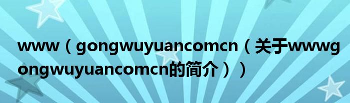 本文關(guān)于www gongwuyuan com cn的簡(jiǎn)介就講解完畢,希望對(duì)大家有所幫助。
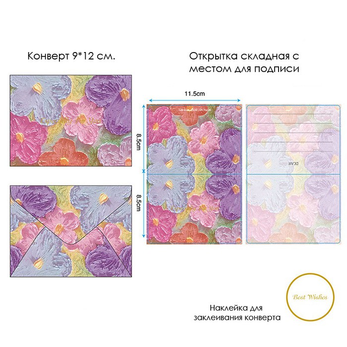 Открытка дополнена белым конвертом с наклейкой и упакована в индивидуальный прозрачный пакетик.Внутри есть место для того, чтобы вы написали пожелание.
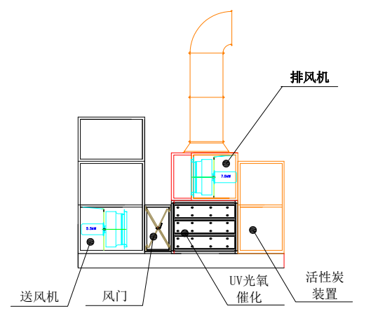 廢氣經過地棉過濾、進風口的M式過濾網過濾及吸附塔內玻璃纖維棉過濾后,進入活性炭吸附塔進行吸附,之后進入光氧催化反應柜進行催化處理,最后經風機抽排到戶外,有機廢氣排放達到或超過國標要求。

PROBLEM TO WORK ON:
With the images omitted, repeat all the data word for word.

ANSWER TO THIS EXERCISE:
 本文關(guān)于www gongwuyuan com cn的簡(jiǎn)介就講解完畢,希望對(duì)大家有所幫助。
 Открытка дополнена белым конвертом с наклейкой и упакована в индивидуальный прозрачный пакетик.Внутри есть место для того, чтобы вы написали пожелание.
 廢氣經過地棉過濾、進風口的M式過濾網過濾及吸附塔內玻璃纖維棉過濾后,進入活性炭吸附塔進行吸附,之后進入光氧催化反應柜進行催化處理,最后經風機抽排到戶外,有機廢氣排放達到或超過國標要求。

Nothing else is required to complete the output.